> Input:
********
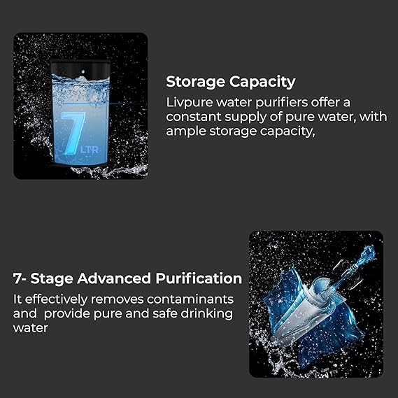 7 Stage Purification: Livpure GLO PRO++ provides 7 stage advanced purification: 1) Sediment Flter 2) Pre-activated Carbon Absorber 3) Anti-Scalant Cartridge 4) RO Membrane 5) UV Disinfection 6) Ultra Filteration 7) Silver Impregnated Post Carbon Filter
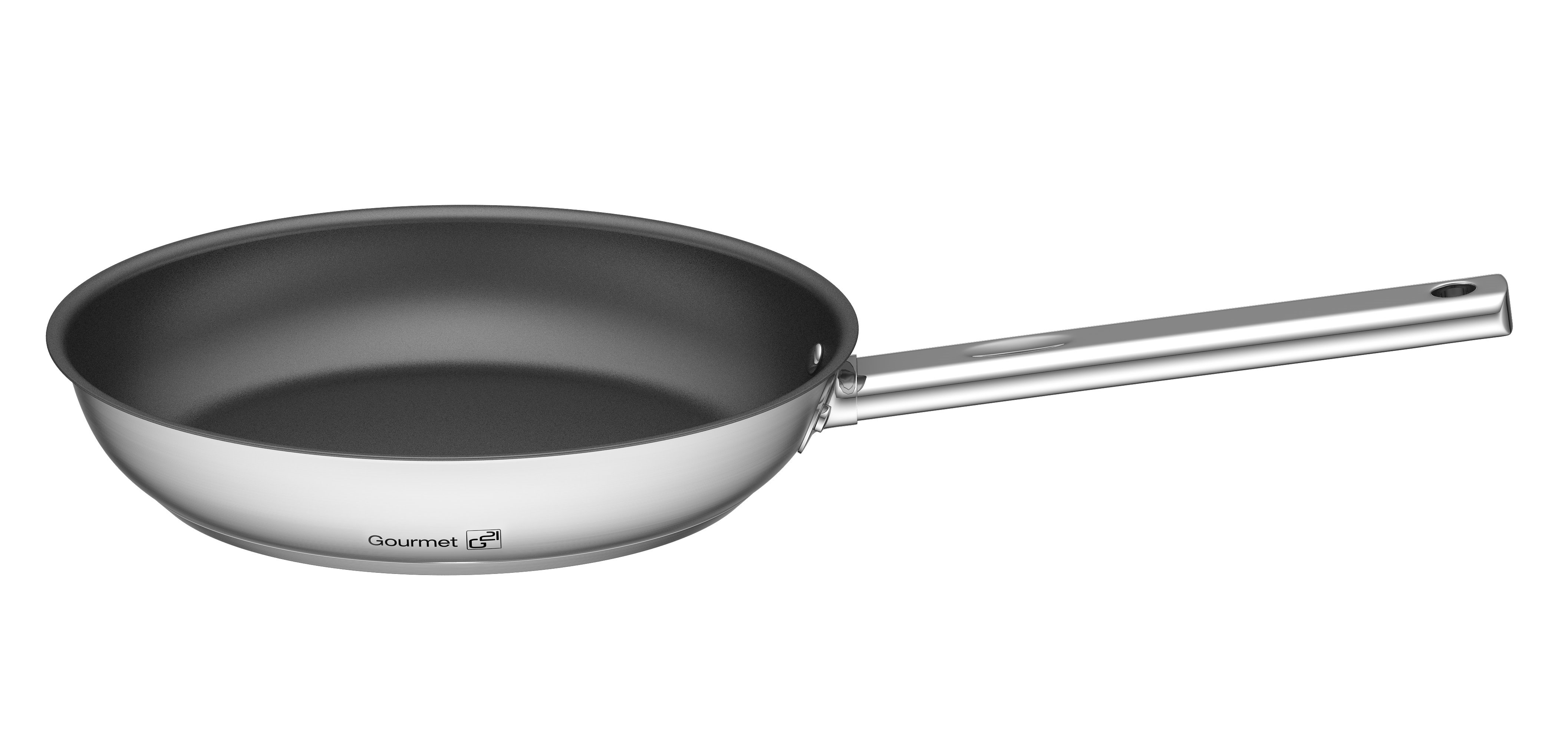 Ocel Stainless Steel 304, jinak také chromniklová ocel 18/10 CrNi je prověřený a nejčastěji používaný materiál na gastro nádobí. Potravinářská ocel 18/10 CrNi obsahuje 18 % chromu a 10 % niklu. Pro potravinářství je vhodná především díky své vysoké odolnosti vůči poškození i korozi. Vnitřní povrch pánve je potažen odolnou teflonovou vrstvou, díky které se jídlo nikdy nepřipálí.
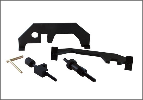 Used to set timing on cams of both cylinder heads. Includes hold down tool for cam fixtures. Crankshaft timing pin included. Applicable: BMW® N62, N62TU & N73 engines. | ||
********
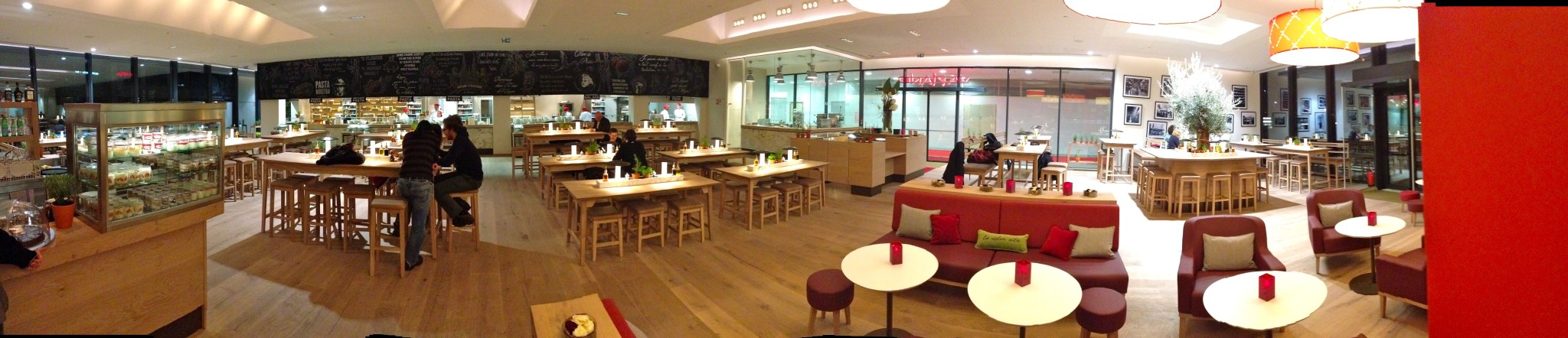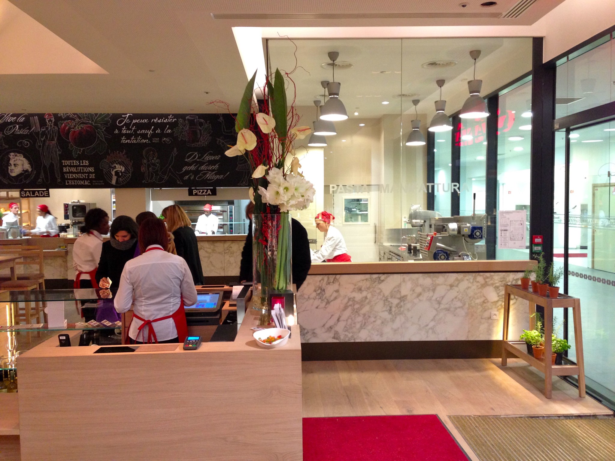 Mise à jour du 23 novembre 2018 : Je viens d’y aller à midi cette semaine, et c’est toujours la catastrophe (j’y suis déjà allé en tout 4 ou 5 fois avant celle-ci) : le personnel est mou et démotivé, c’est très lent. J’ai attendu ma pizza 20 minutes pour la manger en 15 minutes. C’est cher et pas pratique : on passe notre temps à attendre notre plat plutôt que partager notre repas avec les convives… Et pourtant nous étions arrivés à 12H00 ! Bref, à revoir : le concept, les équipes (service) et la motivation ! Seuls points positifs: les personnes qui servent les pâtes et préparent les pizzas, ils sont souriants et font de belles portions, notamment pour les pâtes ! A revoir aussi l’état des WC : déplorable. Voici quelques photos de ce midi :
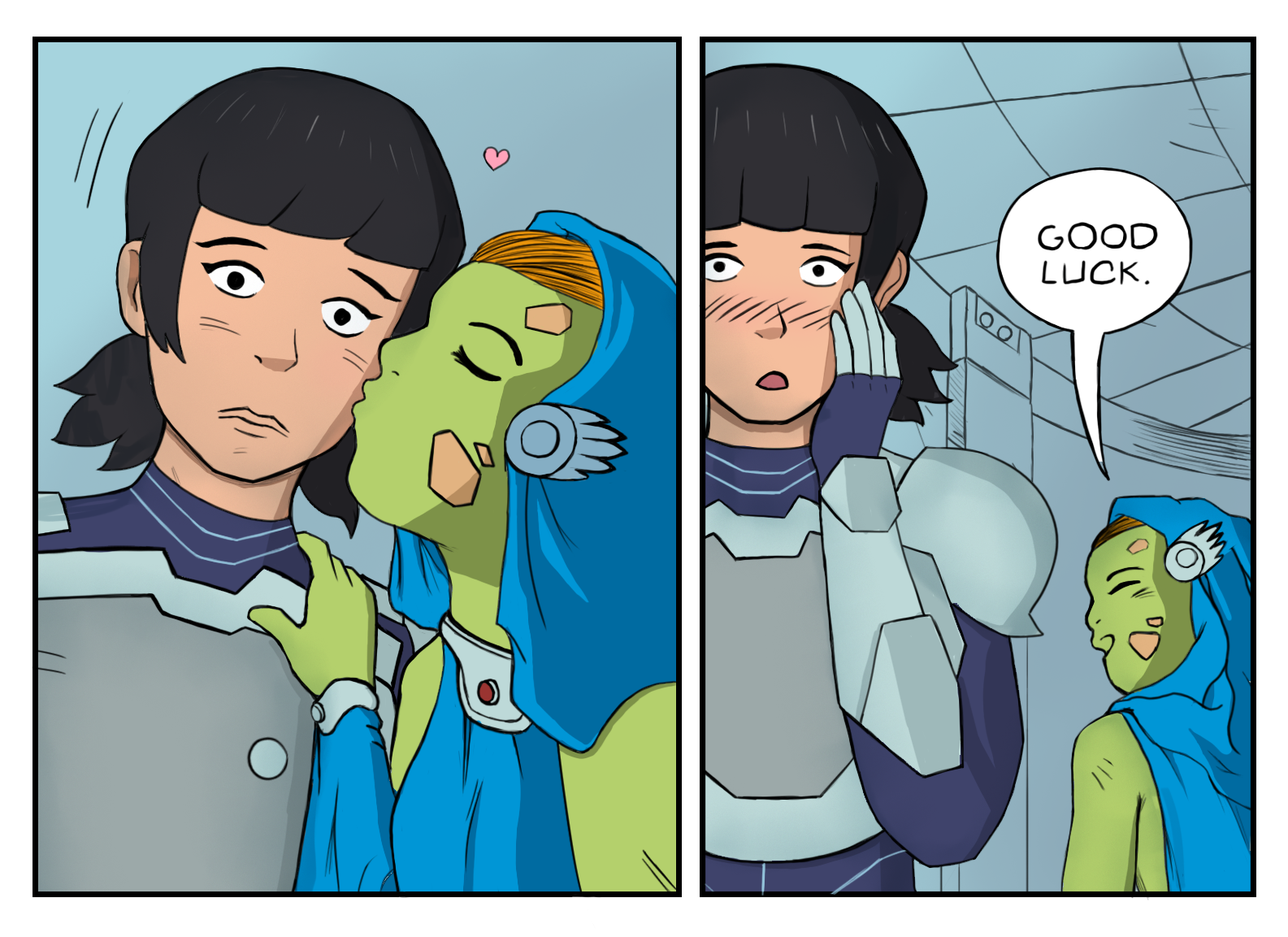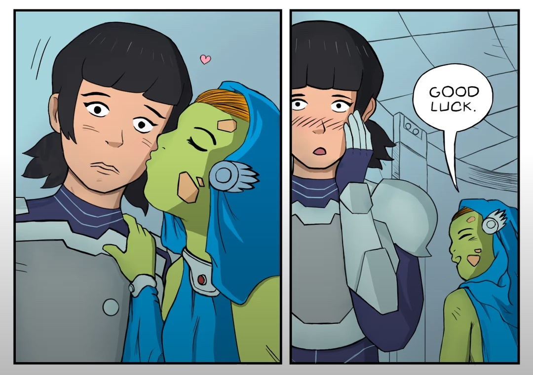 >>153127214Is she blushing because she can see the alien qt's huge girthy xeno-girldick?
********
> What to work on: The copy should hold only the lines from the one with "7 Stage Purification: Livpure" through the one with "Used to set", exactly as they stand above. Leave out the pictures.

> Reply:
 7 Stage Purification: Livpure GLO PRO++ provides 7 stage advanced purification: 1) Sediment Flter 2) Pre-activated Carbon Absorber 3) Anti-Scalant Cartridge 4) RO Membrane 5) UV Disinfection 6) Ultra Filteration 7) Silver Impregnated Post Carbon Filter
 Ocel Stainless Steel 304, jinak také chromniklová ocel 18/10 CrNi je prověřený a nejčastěji používaný materiál na gastro nádobí. Potravinářská ocel 18/10 CrNi obsahuje 18 % chromu a 10 % niklu. Pro potravinářství je vhodná především díky své vysoké odolnosti vůči poškození i korozi. Vnitřní povrch pánve je potažen odolnou teflonovou vrstvou, díky které se jídlo nikdy nepřipálí.
 Used to set timing on cams of both cylinder heads. Includes hold down tool for cam fixtures. Crankshaft timing pin included. Applicable: BMW® N62, N62TU & N73 engines. | ||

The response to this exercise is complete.